ユアン:中国は西側市場への依存を減らすことはできると思いますが、少なくとも近い将来においては、西側市場を完全に無視してやっていくことは現実的に不可能です。

 その中で、北京が試みているのは多様化です。

 グローバルサウスとの貿易を深化させ、ロシアとのエネルギー・原材料取引を増やし、東南アジア、中東、アフリカ、ラテンアメリカ諸国と製造・インフラ整備の分野で連携を拡大する努力を続けています。

 これは確かに西側諸国の輸出規制や関税による衝撃を和らげる効果があり、長期的には中国周辺に非西側諸国の経済ネットワークが密集するようになるかもしれませんが、そこにはまだ限界があります。

 米国、欧州、そしていくつかの主要なアジアの同盟国は、依然として世界の高所得層の消費者と最先端技術の大きなシェアを占めています。

 グローバルサウスの多くは重要なパートナーではあるものの、一人当たりの所得と需要は小さく、西側市場の役割を代替するには至りません。ロシア経済は比較的小規模で厳しい制裁下にあり、インドは多くの点で中国の戦略的競争相手であり、単純な経済圏パートナーには現状ではなりません。

 したがって、中国が西側諸国から単純に背を向け、他国と並行するシステムを構築するような明確な分裂は望めません。むしろ、貿易と技術のエコシステムが部分的に重なる複雑なマーケット構造となる可能性が高いでしょう。

 中国はグローバルサウスへの依存を深めつつも、政治的緊張が高まる中でも、西側諸国の先進市場と技術へのアクセスが中国にはどうしても必要なのです。

──中国の国民は、この5カ年計画について率直にどう考えていると思いますか?

ユアン:5カ年計画に対する「中国人の見方」は一つではありませんが、まずほとんどの人は計画書自体を読んでいないと思います。
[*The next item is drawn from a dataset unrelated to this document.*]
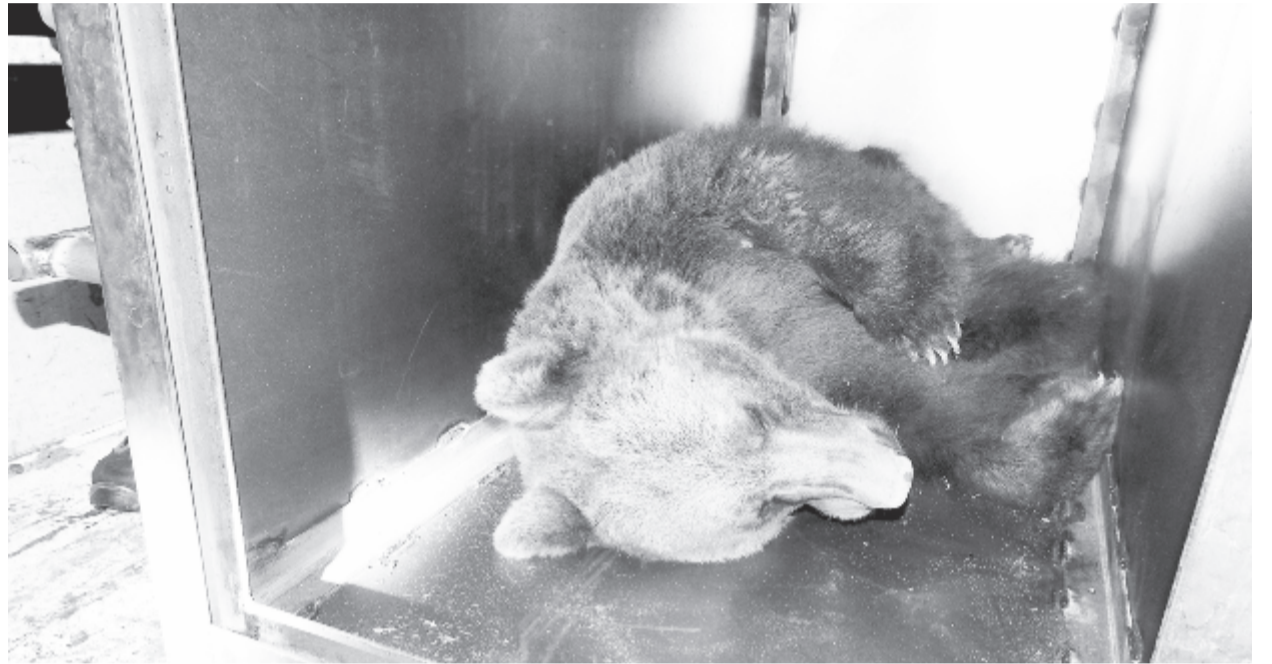
Egy anyamedvét és két bocscát szállították el

 ただ、国民は雇用、住宅、そして日々の物価を通してその影響を感じ取っています。テクノロジー、工場、そして国力について多くを語りながらも、自分たちの生活がどのように楽になるのかが曖昧な計画は、現実離れしたものに感じられるかもしれません。

 都市部の若い中国人に話を聞くと、多くの人が雇用、不動産価格の下落、そして生活費を心配しています。同時に、中国がEV、高速鉄道、宇宙、AIといった分野でリードしていることに国民は誇りを感じ、科学技術大国になるという考えは魅力的に映ります。

 つまり、国の台頭への誇りと、個人の安全に対する不安が入り混じる状況です。ただ、公然とした批判が制限されている体制下では、こうした誠実な声は公の場ではなかなか表に出てきません。